= Annen (monk) =

Annen (安然, also known as 五大院 安然, 841–889?) was a Japanese Buddhist monk and scholar who systematized the esoteric teachings in the Tendai school, otherwise known as Taimitsu (台密). He thereby became the first to complete the formal esoterization of Japanese Tendai.

Annen also made notable contributions to the discourse on “original enlightenment” (本覚, hongaku) theory, particularly regarding the idea that “even grasses and trees possess Buddhahood” (草木成仏, sōmoku jōbutsu). His extensive writings, including six ritual manuals, played a crucial role in establishing new doctrines and organizing esoteric practices.

== Biography ==
Information about Annen’s life is sparse. Annen notes of himself that he originally came from the same clan as Saichō. At the age of nineteen, Annen was ordained as a Tendai monk, studying under the Tendai priest Ennin. He did not travel to China for study despite plans to do so, and never became head abbot (zasu 座主) of Mt. Hiei. There are disputes as to whether he completed the 12-year training at Mt. Hiei. In 884, Annen received the Dharma transmission from Tendai master Henjō (遍照). He was appointed abbot of Gankyōji (元慶寺) in 890, succeeding Henjō. Aside other teachers such as Tenkei and Enchin, Henjo was especially influential in Annen’s development, since he provided Annen access to all significant Taimitsu doctrinal and ritual teachings.

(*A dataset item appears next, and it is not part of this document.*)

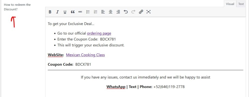 If you sell products or services online, you’ll need to provide clear, specific instructions on how customers can redeem their discount.

Little is known about Annen’s activities after 889 (age 49); the year in which Annen died is also contested. Scholarship places the date between 887 and 889 Additionally, there are later stories which give an account of Annen’s retreat into a state of infinite meditation in a cave in the year 915. These stories are similar to the accounts given of the monk Kūkai (空海).
Annen was succeeded by Genjo 玄砰, (who was not certified due to Annen’s death), Daie (大慧), and Son’i (尊意).

== Writings ==
Annen was a prolific writer during his time; forty (out of the supposed more than one hundred) of his works are extant, although in some cases their authorship is dubious. Two of Annen’s most significant works include the Shingonshū kyōjigi (真言宗教時義, "On the Meaning of Teachings and Times in Esoteric Buddhism"), which emphasized the infinite temporal dimension of Buddha Dainichi's teachings, and the Taizō kongō bodaishin ryaku mondōshō (胎蔵金剛菩提心略問答抄, "Abbreviated Discussion on the Meaning of Bodhicitta according to the Womb and Diamond [Realities]"), a commentary on the Treatise on Bodhi Mind (菩提心論, Bodaishinron), traditionally attributed to the Indian master Nāgārjuna. Kūkai had employed the Bodaishinron to define esoteric Buddhism’s distinct qualities, and Annen’s commentary was later regarded by Edo-period scholars as being as comprehensive as Zhiyi’s monumental Fahua men’i (法華門義).

In addition, Annen employed the Yūgikyō (瑜祇経)—formally titled Kongōbu rōkaku issai yūga yūgikyō (金剛峯桜閣一切瑜伽瑜祗経), a text within the Kongōchōkyō corpus—in a distinctive way that highlighted its ritual significance. While Kūkai had also made extensive use of this text, he did not emphasize its ritual applications to the same extent. Annen’s interpretations had lasting influence on both Taimitsu and Tōmitsu traditions.

He also wrote extensively on the precepts and ordination of the Ritsuryō system. Annen’s interpretations had lasting influence on both Taimitsu and Tōmitsu traditions.

== Doctrine ==
Annen’s goal was to unite the various Taimitsu (Tendai esoteric Buddhism) doctrines of the contemporary Tendai school into one “true” esotericism that would encompass sectarian divisions and even the totality of the Buddhist experience. He presented a theory known as the “four ones” (shiichi kyōhan 四一教判), in which he stated that the Shingon view of the world consisted of one buddha, one time, one place, and one teaching. He thereby affirmed the suchness of all phenomena, and provided an absolute reading which encompassed all relative theories of Buddhist doctrines.

He also reinterpreted the precepts of the Tendai school in light of esoteric teachings. In the Futsu jubosatsukai koshaku (普通授菩薩戒広釈 ), Annen argued for a more lenient attitude towards monks who violated the precepts, arguing for instance that the transgressions should be considered in the context of the person’s whole life, and that the precepts could be violated for certain reasons. Scholarship suggests that Annen’s attitude towards the precepts was due to witnessing his master, Tankei’s violations of laws of sexual conduct, and subsequent defrocking. Additionally, it has been argued that Annen’s treatise contributed considerably to the decline of monastic discipline in the Tendai school.